I would like to capture end-to-end metadata from the source (Kafka producer) until its final consumption. Assume, the producer submits the feed, then NIFI picks up this feed from Kafka topic, does transformation and saves it into Hive.
To get this end to end lineage, is the following correct:
1) On-Board the new feed by manually defining new types on Atlas for the Source as Kafka_Source_1 (which is the Kafka Producer)
2) Assuming, Atlas has the hook to create Kafka topics automatically as Types in the Atlas. For Eg: Kafka_Topic_1, etc.
3) As the producer keeps sending the messages to Kafka, NIFI will read such messages, perform transformation, extract the technical and business meta-data, and then create the related instances with Business Glossary, Operational Meta-data (Entities) in Atlas by calling REST API (custom implementation on NIFI Data pipeline) including creation of Hive endpoint as Type. ( I wish, NIFI would better manage the metadata internally and then export to Atlas in batches.) Is there an easier way doing this?

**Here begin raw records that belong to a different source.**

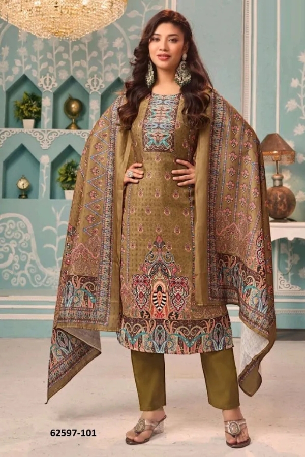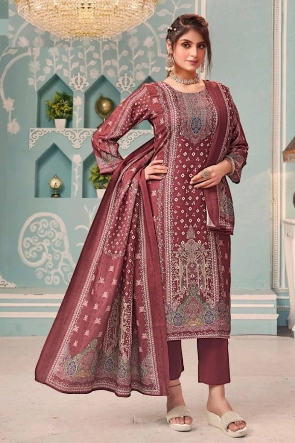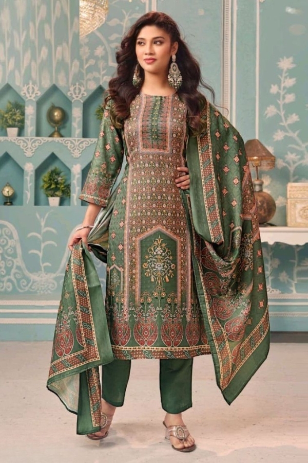 Made from premium Pashmina fabric, each suit offers a soft feel, graceful fall, and all-day comfort while showcasing rich traditional prints and intricate detailing.
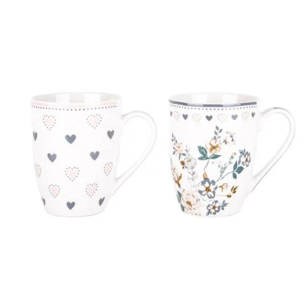 Keramický hrnek TORO o objemu 330 ml, dva retro motivy – květiny, srdce.
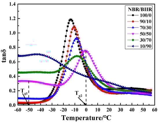 The storage modulus E′-T curves of NBR/BIIR are shown in Figure 9. The E′-T curves of both NBR/BIIR and pure NBR exhibit a transition peak. As the BIIR content increased, the storage modulus decreased significantly in the glassy region. When the BIIR content exceeded 50, the storage modulus tended to stabilize. This result shows that BIIR has a softening plasticizer effect on the NBR base rubber, making the NBR/BIIR blend softer and thus increasing the energy dissipation and improving the damping properties of the blend system.
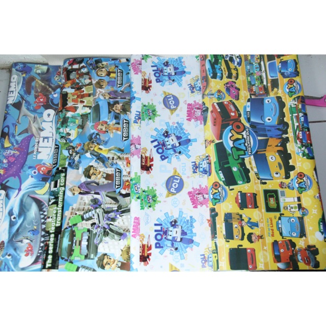 Kertas kado dengan berbagai macam karakter Robot, Boneka dan baby
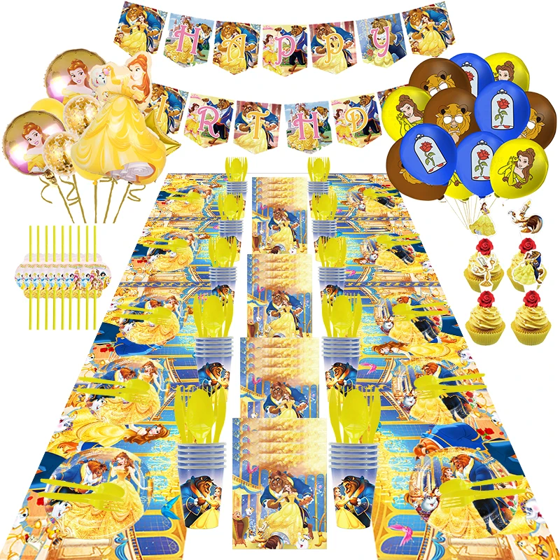 Belle Princess Beauty And Beast Theme Birthday Party Supplies Disposable Tableware Plates Balloons Backdrop Wedding Home Decor
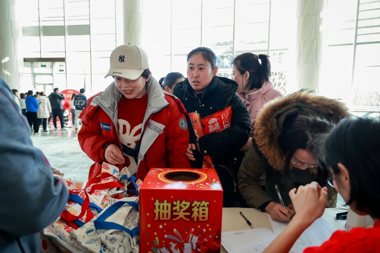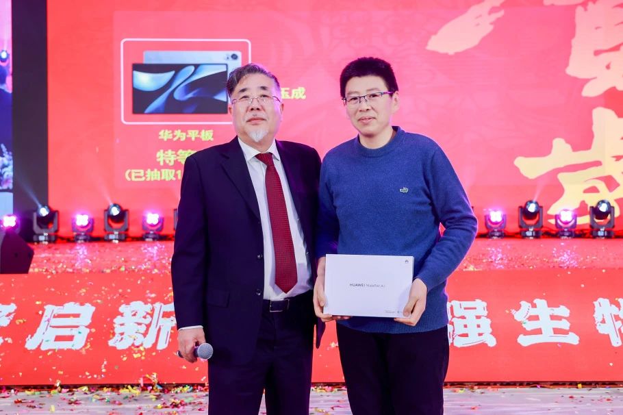 大屏幕上滚动的抽奖姓名吸引了所有人的目光,一份份大奖接连花落在幸运儿头上。

4) Thus, from Atlas, I will see the lineage as: Kafka_Source_1 --> Kafka_Topic_1 --> Message_Transformation_112121 --> Hive_Path_1
If the above flow is OK,
5) Assuming, NIFI is calling the REST API to create the instances for each bulk read from Kafka, the duplicate definitions created will be consolidated within Atlas to give one lineage line from this Source to Destination.
6) If the same feed has its schema (or nay of the business, technical, operational meta-data) changed, how this change will be captured by Atlas? It will create a new lineage or a new version of it. So how the dynamic meta-data is managed?